At the beginning of this volume, Nick has just managed to obtain a second lieutenant's billet. He's kind of old for a subaltern, so he's stuck with a bunch of other older civilian retreads in a unit that gets shipped off to garrison duty in Ireland to do not much of anything. That is the dominant tone of The Valley of Bones
; Nick is bored and unfulfilled, far from home but not actually anywhere near anything interesting. Everyone is waiting for the war to start.
Yet the Third Movement packs more drama than any of the previous ones, because war does break out and things do happen. Big things. Maybe not in Nick's immediate proximity; he describes the Blitz, even as V2 rockets are literally falling around him, in the same wry, unhurried voice he used to describe the debutante balls he attended as a young bachelor. But as with all the previous books, you have to sit back and really think about what you've just been told.
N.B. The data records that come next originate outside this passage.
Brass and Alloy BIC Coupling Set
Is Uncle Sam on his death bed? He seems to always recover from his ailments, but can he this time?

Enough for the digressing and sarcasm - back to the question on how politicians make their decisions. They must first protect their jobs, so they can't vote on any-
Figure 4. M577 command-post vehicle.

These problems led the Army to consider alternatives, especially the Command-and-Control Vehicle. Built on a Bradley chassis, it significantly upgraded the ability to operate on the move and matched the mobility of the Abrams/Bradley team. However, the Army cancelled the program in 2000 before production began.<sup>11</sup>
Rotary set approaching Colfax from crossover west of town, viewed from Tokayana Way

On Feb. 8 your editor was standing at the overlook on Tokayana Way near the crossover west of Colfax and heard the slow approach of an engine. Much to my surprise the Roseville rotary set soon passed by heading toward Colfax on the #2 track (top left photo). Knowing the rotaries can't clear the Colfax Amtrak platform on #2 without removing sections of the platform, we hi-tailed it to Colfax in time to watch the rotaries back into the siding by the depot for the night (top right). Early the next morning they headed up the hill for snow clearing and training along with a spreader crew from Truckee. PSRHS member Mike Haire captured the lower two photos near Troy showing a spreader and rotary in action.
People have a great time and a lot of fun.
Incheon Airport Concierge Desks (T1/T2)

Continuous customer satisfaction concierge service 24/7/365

Epic fantasy authors get cheap accolades for killing off important characters over the course of their long, rambling series. In The Soldier's Art
and The Military Philosophers
, Anthony Powell kills off several characters who've been moving in and out of Nick Jenkins' life since volume one, characters that I fully expected to last to the end of the series. And it all happens offstage, coming to Nick as news from abroad, delivered with mechanical indifference in the middle of a war. As with his love affairs and his marriage and his wife's miscarriage and the marriages, divorces, deaths, even suicides of friends in the first two volumes, Jenkins does not reveal any great depth of emotion as he narrates his life story. We are left to infer, by his words alone, by the course his thoughts take, that he really is as flesh and blood as the characters he comments on (in Powell's authorial voice) so eloquently.
When people really hate one another, the tension within them can sometimes make itself felt throughout a room, like atmospheric waves, first hot, then cold, wafted backwards and forwards as if in an invisible process of air conditioning, creating a pervasive physical disturbance. Buster Foxe and Dicky Umfraville, between them, brought about that state. Their really overpowering mutual detestation dominated for a moment all other local agitations.
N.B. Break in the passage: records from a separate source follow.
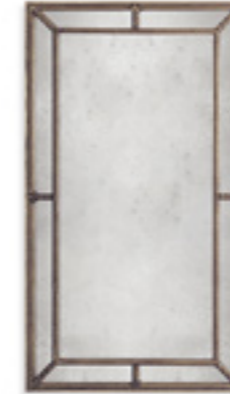
GEORGIAN - MEDIUM

84 x 107cm / 33 x 42¼" Bespoke sizes available See page 54-57, 5, 19, 20, 66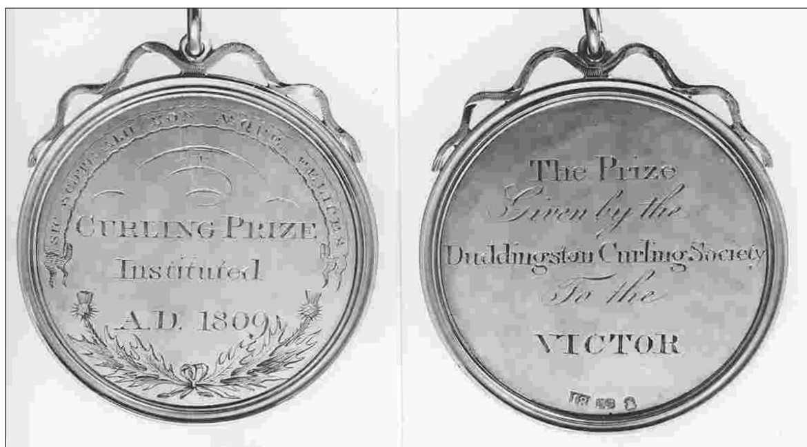
Fig. 2. Obverse and reverse of the gold points medal of 1809.

the year'. The prize, a simple gold medal, chastely inscribed with the society's Latin motto and a couple of elegant thistles to emphasise the Scottishness of the game, is now in the possession of the present Duddingston Curling Club (founded 1895), having been rescued from the jeweller's melting pot in 1977 (fig. 2). There follows the 'Report of the Committee appointed for carrying into execution the business of the Prize Medal':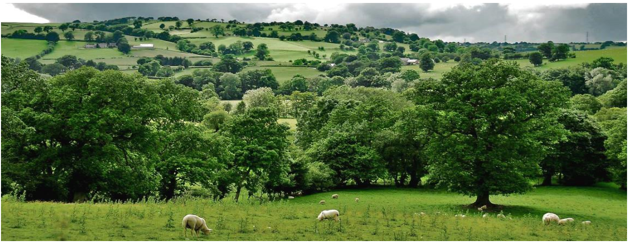
West of Corwen the valley becomes a quieter, gentler landscape of well-managed country, with farming and small villages, as seen here near Cynwyd.

The Vale of Llangollen is characterised by dramatic and quickly-changing scenery. Although the railway, the canal and the historic A5 road all share this corridor, the impression is more of a beautiful landscape than a busy transport route – a perception strengthened by the slow movement of canal boats and the bucolic character of the steam railway. Castell Dinas Brân guards the entrance to the valley, as if it had been constructed as a romantic ruin. Llangollen, an attractive, but constricted town, by contrast, has a sense of bustle and noise, particularly during the summer months, and above all when the International Eisteddfod is in session. The town sits at a naturally scenic location beside the Dee, where the water flows across flat beds of rock and tumbles into deep pools as it flows under the Medieval stone bridge. Even more impressive than all this is what lies just beyond to the north. The entire hillside is comprised of towering limestone cliffs and screes, arranged in a series of sweeping convex curves, running up to a remote, tranquil and scenic side-valley head known as 'World's End'. These limestone exposures, Cregiau Eglwyseg, are by far the most dramatic in North East Wales, and the scenic 'Panorama Drive' at their foot is a popular way to take in these sights.

I am really starting to love this saga, even though I've been reading it veeeeeery sloooowly because there are pages and pages and chapters where nothing happens, and yet you don't want to skip any of those pages because the writing is so good. It is Powell's prose that draws you in, slowly, gradually. It is the rich tapestry of lives and events that he weaves, telling dozens of little stories on every page. Oh, here's Sunny Farebrother again, whom we haven't seen since the second book and whom Nick hasn't seen in twenty years, popping up as a commanding officer. And here's Nick's childhood friend, being shipped off to the Far East with spectacularly poor timing.
Many old friends resurface, not least of which is Kenneth Widmerpool, whose rise to power seems unstoppable.
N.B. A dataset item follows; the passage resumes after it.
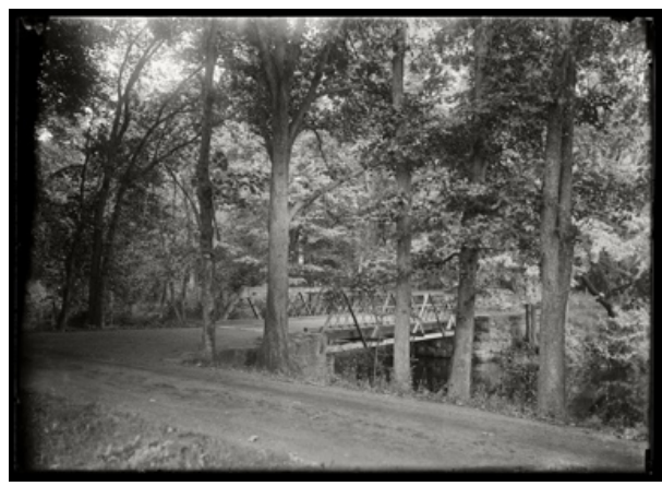
Iron Bridge from Lower Lake Road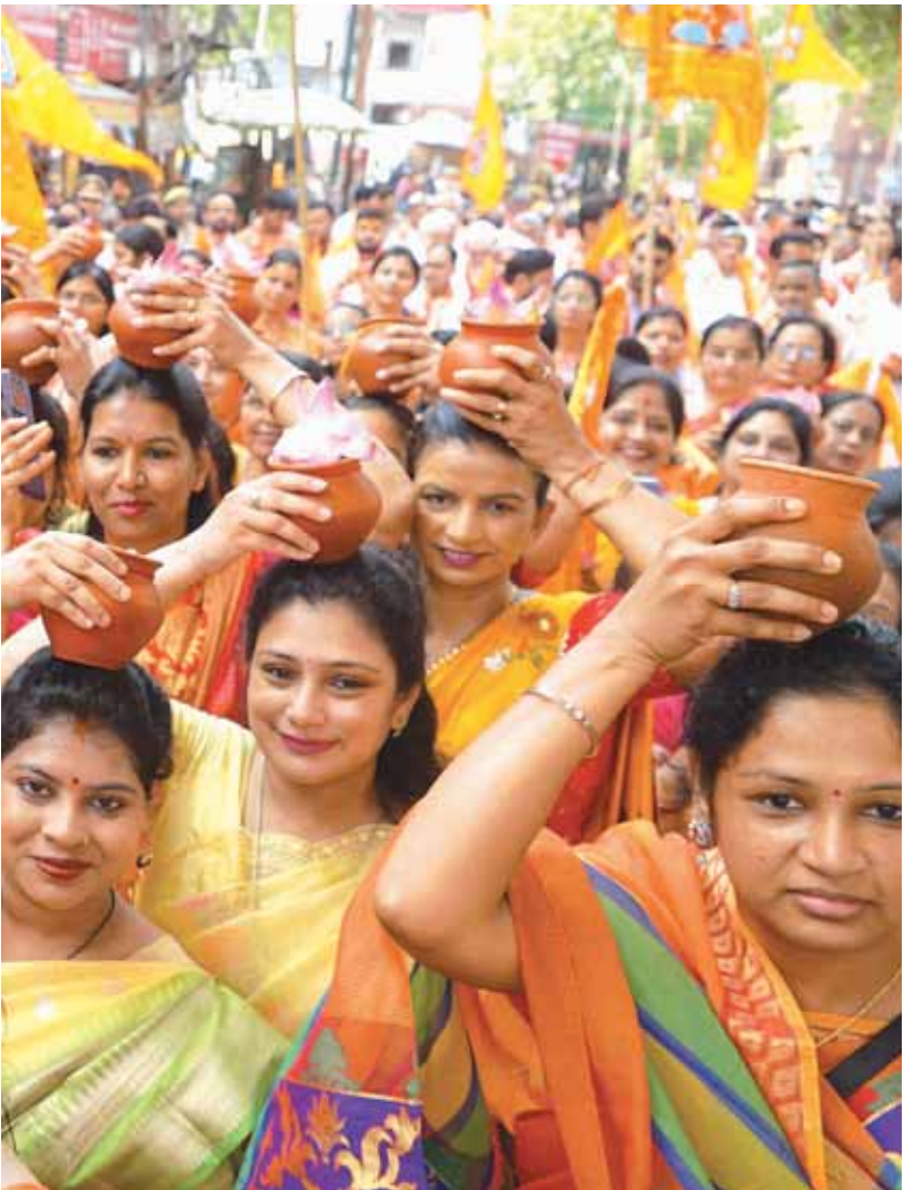
Women of the Maheshwari community carry 'kalash' filled with Ganga river water to offer to Baba Kashi Vishwanath during a procession on the occasion of Mahesh Navami in Varanasi on Wednesday.

Widmerpool is the closest thing this series has to a "villain," yet even when Jenkins has had entirely too much of him, he still seems to view his old school chum with a mixture of fascination, distaste, nostalgic fondness, and disgusted awe. Nick spends most of The Soldier's Art
slaving away as Widmerpool's flunky, only to be discarded, thrown under a bus, without a second thought because of Widmerpool's almost psychopathic indifference to anyone who isn't immediately of service to him. Yet Nick is still cordial with Widmerpool when they meet again toward the end of the war.
I said this series doesn't really have a villain, but Powell introduces one hell of a femme fatale at the end of the Third Movement: Pamela Flitton.
Flitton is a tempestuous, voracious succubus who works her way through most of the British army and half the foreign troops with the anger of an avenging Lilith. That her wrath for the male species and her delight in bringing ruin is never really explained just makes her that much more of a scary, beautiful enigma. She is the niece of Nick's old friend Charles Stringham, which makes him uninterested in her charms, which makes him about the only man she approaches with even a modicum of sociability, and so as with all the other dangerous and formidable characters he meets, he is able to observe this sexual force of nature at work without quite being directly involved.
Although a minor scene, one of my favorites was the return of the card and tea leaf-reading Mrs Erdleigh from The Acceptance World
, who has the steel ovaries to insist on reading Pamela Flitton's palm. The meeting of these two dames is nothing more than a quiet conversation in a darkened building during a Blitz raid, but it has the feel of two samurai staring each other down across a bridge, like in those stories where one turns aside without either ever drawing his sword.
Pamela held out her palm. She was perhaps, in fact, more satisfied than the reverse at finding opposition to her objections overruled. It was likely she would derive at least some gratification in the anodyne process. However farouche, she could scarcely be so entirely indifferent from the rest of the world. On the other hand, some instinct may have warned her against Mrs Erdleigh, capable of operating at as disturbing a level as herself. Mrs Erdleigh examined the lines.
So, how else could the Third Movement end but with Nick mustering out of the army at war's end, reflecting on all the old friends who are gone, and Pamela marrying Kenneth Widmerpool?
I'm going to take a break and read a few other books, then finish up this series with the Fourth Movement.